Diabetes is tagged as a chronic, metabolic disease signalized by elevated levels of blood glucose (or blood sugar), which results over time in serious damage to the heart, blood vessels, eyes, kidneys, and nerves in the body. The most common is type-II diabetes, usually in adults, which occurs when the body is resistant to insulin or does not produce enough insulin. In the past three decades, the prevalence of type-II diabetes has risen dramatically in countries of all income levels. Type-I diabetes, once called juvenile diabetes or insulin-dependent diabetes is a chronic condition in which the pancreas produces little or no insulin by itself. Therefore, for people living with this deadly disease, access to affordable treatment, including insulin, is critical to their survival.
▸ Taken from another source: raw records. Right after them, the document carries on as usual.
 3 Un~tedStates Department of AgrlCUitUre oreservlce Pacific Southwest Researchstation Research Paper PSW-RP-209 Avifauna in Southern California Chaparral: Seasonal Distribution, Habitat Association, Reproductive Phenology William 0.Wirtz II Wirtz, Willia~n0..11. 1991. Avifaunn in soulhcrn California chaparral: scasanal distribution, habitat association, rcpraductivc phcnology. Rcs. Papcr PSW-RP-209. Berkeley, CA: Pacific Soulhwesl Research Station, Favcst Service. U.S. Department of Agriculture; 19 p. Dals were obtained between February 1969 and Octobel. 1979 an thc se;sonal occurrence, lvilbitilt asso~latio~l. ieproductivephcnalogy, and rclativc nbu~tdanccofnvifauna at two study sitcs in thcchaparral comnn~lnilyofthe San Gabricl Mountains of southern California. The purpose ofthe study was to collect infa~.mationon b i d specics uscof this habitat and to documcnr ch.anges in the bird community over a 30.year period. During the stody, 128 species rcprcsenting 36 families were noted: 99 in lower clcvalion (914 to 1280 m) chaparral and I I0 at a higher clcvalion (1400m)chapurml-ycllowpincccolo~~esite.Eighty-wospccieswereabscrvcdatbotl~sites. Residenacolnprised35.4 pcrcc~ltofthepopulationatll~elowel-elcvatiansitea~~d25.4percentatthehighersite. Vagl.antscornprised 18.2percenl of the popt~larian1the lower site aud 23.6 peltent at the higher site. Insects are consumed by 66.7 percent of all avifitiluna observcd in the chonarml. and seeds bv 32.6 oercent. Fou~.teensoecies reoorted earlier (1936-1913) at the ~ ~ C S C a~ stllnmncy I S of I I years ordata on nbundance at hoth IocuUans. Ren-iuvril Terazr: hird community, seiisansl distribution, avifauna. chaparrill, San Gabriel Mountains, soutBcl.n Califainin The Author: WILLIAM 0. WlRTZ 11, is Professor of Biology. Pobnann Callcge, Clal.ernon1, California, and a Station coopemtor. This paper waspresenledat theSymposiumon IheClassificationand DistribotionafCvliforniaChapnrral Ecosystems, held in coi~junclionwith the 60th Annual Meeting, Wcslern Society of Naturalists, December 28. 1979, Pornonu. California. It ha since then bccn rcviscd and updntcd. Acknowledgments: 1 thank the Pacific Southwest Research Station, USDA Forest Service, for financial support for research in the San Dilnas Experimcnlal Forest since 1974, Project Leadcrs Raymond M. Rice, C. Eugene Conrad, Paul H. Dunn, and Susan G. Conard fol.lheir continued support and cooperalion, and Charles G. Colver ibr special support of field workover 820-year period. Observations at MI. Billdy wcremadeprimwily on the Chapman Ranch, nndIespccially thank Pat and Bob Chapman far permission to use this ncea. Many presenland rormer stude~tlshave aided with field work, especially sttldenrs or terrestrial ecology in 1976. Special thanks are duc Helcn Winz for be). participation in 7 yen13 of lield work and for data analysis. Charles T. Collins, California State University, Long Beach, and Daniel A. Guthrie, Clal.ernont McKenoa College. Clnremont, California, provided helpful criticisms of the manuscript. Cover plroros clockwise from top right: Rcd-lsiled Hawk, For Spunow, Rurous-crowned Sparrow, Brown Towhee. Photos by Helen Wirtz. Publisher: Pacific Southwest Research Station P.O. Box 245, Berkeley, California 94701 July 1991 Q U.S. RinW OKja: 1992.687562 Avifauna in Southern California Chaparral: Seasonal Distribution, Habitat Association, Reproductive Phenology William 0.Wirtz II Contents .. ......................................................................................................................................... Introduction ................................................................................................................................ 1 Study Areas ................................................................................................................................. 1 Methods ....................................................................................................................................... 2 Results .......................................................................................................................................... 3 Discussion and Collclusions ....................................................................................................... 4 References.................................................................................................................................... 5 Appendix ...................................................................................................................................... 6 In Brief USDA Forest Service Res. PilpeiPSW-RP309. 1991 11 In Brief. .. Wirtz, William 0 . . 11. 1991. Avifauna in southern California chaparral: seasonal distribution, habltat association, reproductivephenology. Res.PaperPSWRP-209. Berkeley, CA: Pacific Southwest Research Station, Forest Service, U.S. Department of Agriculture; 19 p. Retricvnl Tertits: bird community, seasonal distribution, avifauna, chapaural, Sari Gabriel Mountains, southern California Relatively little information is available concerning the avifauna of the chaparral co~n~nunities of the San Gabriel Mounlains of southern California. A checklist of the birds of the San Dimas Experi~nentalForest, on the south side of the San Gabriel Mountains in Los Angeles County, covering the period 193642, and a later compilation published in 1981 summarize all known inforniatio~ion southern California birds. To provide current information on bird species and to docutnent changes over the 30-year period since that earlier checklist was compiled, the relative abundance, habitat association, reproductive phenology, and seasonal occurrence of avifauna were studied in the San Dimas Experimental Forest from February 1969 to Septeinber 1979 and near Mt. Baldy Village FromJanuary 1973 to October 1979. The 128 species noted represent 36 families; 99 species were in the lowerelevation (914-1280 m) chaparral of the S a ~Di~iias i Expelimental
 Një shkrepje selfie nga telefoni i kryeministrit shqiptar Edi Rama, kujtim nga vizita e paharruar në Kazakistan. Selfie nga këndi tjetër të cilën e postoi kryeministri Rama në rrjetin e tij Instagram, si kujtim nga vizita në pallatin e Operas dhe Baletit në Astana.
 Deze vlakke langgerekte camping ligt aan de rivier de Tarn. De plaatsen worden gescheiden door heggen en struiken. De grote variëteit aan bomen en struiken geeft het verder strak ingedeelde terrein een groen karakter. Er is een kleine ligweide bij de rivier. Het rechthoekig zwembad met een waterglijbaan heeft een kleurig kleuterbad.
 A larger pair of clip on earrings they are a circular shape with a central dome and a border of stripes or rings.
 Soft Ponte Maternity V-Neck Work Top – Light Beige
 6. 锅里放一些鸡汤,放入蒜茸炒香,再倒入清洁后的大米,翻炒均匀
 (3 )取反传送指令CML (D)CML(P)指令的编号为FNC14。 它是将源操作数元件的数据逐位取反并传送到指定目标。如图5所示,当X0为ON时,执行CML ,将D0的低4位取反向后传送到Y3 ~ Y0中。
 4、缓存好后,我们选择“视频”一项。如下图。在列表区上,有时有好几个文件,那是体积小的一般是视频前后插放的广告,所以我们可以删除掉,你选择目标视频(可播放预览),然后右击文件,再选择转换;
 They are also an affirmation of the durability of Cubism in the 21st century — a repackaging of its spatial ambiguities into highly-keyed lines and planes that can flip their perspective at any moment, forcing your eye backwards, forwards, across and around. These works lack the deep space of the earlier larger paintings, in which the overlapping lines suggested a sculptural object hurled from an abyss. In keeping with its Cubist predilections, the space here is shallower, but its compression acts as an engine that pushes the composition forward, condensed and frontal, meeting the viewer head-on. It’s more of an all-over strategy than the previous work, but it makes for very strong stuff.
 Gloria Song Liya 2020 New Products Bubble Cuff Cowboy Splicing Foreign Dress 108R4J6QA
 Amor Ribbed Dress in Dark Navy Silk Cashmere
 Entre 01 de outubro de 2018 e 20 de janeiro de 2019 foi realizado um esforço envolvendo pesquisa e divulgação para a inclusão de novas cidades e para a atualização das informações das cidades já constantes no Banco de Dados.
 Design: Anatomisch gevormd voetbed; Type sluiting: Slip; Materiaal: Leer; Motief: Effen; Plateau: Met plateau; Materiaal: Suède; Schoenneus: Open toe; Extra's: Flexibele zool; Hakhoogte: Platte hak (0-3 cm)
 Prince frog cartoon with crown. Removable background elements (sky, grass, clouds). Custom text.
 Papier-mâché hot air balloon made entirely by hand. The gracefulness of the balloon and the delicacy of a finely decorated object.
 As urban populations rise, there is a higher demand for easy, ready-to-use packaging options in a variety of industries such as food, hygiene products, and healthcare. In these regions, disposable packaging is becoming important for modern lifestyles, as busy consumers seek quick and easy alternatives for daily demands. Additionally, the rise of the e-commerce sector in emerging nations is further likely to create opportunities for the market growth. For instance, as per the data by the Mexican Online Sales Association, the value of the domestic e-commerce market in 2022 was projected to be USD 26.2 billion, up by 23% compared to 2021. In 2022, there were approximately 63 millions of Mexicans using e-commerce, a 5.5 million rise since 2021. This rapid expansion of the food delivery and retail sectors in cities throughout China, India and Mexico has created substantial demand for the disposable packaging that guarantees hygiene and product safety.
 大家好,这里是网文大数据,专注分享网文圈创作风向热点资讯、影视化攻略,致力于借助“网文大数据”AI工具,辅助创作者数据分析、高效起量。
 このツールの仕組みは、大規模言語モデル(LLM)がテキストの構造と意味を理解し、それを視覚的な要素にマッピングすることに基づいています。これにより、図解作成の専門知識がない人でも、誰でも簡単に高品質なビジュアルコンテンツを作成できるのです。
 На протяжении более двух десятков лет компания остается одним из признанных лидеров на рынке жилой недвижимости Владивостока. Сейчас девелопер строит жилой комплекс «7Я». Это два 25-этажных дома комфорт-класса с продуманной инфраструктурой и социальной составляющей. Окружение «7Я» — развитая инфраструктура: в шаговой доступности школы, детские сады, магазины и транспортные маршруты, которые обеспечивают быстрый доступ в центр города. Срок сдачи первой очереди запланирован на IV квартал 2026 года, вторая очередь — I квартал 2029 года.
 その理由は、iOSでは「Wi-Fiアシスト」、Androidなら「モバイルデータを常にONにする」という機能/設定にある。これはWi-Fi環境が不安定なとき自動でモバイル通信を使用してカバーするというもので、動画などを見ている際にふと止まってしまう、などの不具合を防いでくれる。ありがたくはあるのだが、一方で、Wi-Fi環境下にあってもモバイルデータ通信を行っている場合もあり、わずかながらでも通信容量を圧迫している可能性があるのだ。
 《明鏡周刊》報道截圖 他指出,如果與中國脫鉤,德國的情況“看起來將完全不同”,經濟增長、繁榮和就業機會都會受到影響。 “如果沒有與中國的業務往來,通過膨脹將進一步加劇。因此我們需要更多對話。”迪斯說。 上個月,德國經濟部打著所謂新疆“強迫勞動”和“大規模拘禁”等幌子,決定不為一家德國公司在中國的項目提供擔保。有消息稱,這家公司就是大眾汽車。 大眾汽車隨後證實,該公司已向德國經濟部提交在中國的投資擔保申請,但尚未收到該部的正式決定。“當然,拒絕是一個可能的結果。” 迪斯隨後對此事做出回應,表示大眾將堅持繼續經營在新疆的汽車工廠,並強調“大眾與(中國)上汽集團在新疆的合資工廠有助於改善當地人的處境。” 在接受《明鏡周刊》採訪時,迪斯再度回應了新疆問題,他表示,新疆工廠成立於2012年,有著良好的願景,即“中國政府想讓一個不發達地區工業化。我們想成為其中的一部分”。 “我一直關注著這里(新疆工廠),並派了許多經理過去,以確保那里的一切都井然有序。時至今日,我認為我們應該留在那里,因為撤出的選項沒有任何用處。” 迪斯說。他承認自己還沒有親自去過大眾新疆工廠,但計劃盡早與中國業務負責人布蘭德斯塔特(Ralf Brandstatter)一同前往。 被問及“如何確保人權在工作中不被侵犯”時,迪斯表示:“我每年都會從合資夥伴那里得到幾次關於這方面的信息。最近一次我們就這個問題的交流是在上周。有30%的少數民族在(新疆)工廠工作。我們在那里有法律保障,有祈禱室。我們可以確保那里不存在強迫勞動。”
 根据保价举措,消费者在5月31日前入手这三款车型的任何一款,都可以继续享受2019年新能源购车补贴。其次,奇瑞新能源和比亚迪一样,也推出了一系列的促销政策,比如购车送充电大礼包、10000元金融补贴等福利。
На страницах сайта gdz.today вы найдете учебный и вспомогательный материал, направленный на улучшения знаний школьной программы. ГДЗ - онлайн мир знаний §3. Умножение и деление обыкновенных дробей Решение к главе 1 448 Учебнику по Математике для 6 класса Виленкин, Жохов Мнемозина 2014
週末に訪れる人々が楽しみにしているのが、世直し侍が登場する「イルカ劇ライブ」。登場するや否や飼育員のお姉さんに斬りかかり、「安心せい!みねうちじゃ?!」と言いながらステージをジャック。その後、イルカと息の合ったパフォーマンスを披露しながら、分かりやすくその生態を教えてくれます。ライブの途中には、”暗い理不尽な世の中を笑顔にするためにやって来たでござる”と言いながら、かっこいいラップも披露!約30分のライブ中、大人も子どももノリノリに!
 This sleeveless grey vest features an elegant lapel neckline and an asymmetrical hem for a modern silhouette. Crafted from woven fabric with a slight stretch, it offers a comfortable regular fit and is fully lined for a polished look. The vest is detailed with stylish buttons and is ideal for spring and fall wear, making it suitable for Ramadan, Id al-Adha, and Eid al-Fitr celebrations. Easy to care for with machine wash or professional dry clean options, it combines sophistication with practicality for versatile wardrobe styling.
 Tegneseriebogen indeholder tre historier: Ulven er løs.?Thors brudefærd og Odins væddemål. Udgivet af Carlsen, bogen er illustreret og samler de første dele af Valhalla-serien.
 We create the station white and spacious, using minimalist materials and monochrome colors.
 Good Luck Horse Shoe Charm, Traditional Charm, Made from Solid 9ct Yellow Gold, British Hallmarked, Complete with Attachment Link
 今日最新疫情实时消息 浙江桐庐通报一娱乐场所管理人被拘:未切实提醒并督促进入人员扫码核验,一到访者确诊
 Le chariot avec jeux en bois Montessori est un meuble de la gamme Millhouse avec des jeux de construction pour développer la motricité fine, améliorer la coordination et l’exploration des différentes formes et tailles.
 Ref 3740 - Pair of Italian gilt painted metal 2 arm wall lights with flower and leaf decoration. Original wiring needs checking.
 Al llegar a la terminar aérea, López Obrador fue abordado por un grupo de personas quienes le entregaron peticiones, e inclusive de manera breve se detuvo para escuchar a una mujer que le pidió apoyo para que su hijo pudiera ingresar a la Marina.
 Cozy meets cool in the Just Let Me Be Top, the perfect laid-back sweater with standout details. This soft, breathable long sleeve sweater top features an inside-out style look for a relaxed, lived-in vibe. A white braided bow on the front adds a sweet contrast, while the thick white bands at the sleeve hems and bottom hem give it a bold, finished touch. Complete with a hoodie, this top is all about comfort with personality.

In this paper, a four compartmental model describing the diabetes mellitus disease without genetic factors is investigated in the sense of the Caputo fractal-fractional operator. At first, we uncovered the critical points to identify the stability analysis of the model being considered, then successfully demonstrated the existence and uniqueness conditions of the solution using Picard Lindelof theorem when defined by the fractal fractional derivative of the model without genetic factors. A viable numerical approximation technique was formulated to discretize the proposed model. The resulting system of fractal-fractional differential equations was advanced in time with the novel inbuilt ODE15s MATLAB R2021a package. Numerical results for different instances of fractal dimension and fractional-order parameters are reported for each of the sub-classes. It was observed via simulation experiments that whenever the values of \(\zeta ,\epsilon \) is decreasing, says tend to 0, the number of people living with diabetes witness an upsurge, but when \(\zeta ,\epsilon \rightarrow 1\), the population of individuals living with diabetes will be reducing. To have a population free of diabetes, both \(\zeta \) and \(\epsilon \) must tend to unity. Also in Table 1, the utmost solutions were recorded with \((\zeta ,\epsilon )\rightarrow 1\). Extension of the fractal-fractional operator to model more complex scenarios in engineering and biomedical processes is left for future work.